Omg that's so nice of you!!!! eBay sounds good! Are u sure it's ok with u tho? I found the product I use on eBay last night (heaps of them) most of them were based in the states? Im not sure if they deliver to the middle east it wasn't mentioned on the page... I will go message them so I will soon find out !! Thanks heaps!!!


----------



## katieshields (Jan 19, 2012)

hiitsjudy said:


> Has anyone seen cover girl products in Dubai ? I only use their mascara which I recently ran out of and I can't find cover girl products anywhere in Dubai !! Is Internet shopping my only option? :-(


Have you gone on there website and looked at the retailers? I couldn't find bare essentials anywhere but found 1 retailer in the whole of Dubai thru their website, worth a try x


----------



## lxinuk (Mar 18, 2012)

hiitsjudy said:


> Omg that's so nice of you!!!! eBay sounds good! Are u sure it's ok with u tho? I found the product I use on eBay last night (heaps of them) most of them were based in the states? Im not sure if they deliver to the middle east it wasn't mentioned on the page... I will go message them so I will soon find out !! Thanks heaps!!!

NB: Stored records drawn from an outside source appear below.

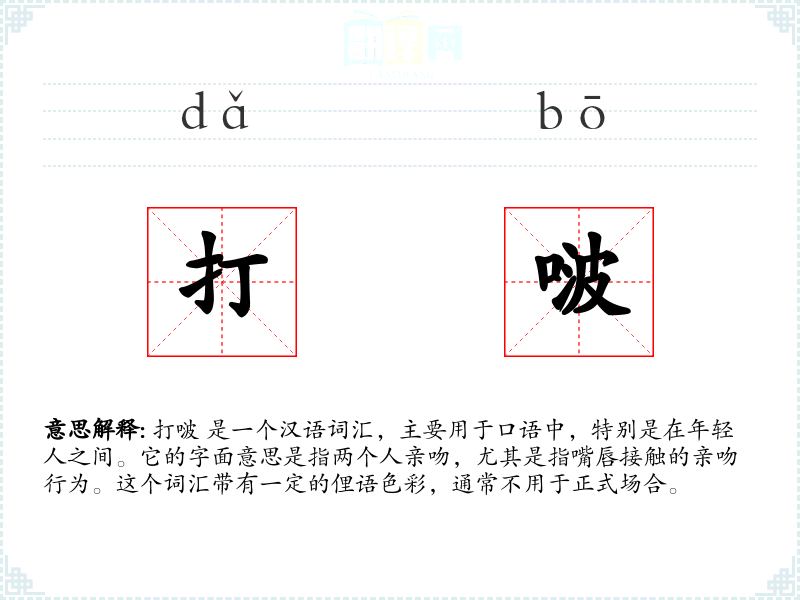 打啵 是一个汉语词汇,主要用于口语中,特别是在年轻人之间。它的字面意思是指两个人亲吻,尤其是指嘴唇接触的亲吻行为。这个词汇带有一定的俚语色彩,通常不用于正式场合。
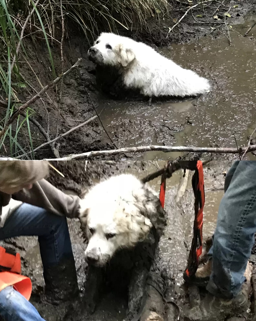 Tino stayed close, allowing Puppy to smell him, to feel safe in the presence of a fellow dog who had come to save him. Sarah, ever careful, worked quickly to help free Puppy from the sticky mud. They used ropes and tools to pull him out, but it was Tino who remained by his side, offering silent reassurance with each small movement, guiding the terrified dog to safety.
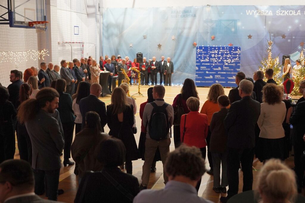 Fot. Wiesław Kajdasz/Biuro Prasowe Diecezji BydgoskiejHala sportowo-widowiskowa bydgoskiej Wyższej Szkoły Gospodarki była miejscem akademickiej wigilii, która zgromadziła rektorów, przedstawicieli uczelni, wykładowców, studentów, zaproszonych gości – w tym władze miasta. – Odkrywamy zdolności, talenty, charyzmaty, którymi służymy innym. Jednocześnie przyjmujemy w pokorze, że nasze możliwości są ograniczone, jest Ktoś większy od nas – mówił do zebranych biskup bydgoski Krzysztof Włodarczyk.

Fab - check with them and the retailer list as described below and if all else fails let me now before July 1st!


----------



## 153580 (Feb 1, 2012)

lxinuk said:


> Fab - check with them and the retailer list as described below and if all else fails let me now before July 1st!


Yay they deliver worldwide! I think I will stock up so I don't have to worry about it for a while. I couldn't find the retailer for cover girl products in UAE tho but eBay will do !


----------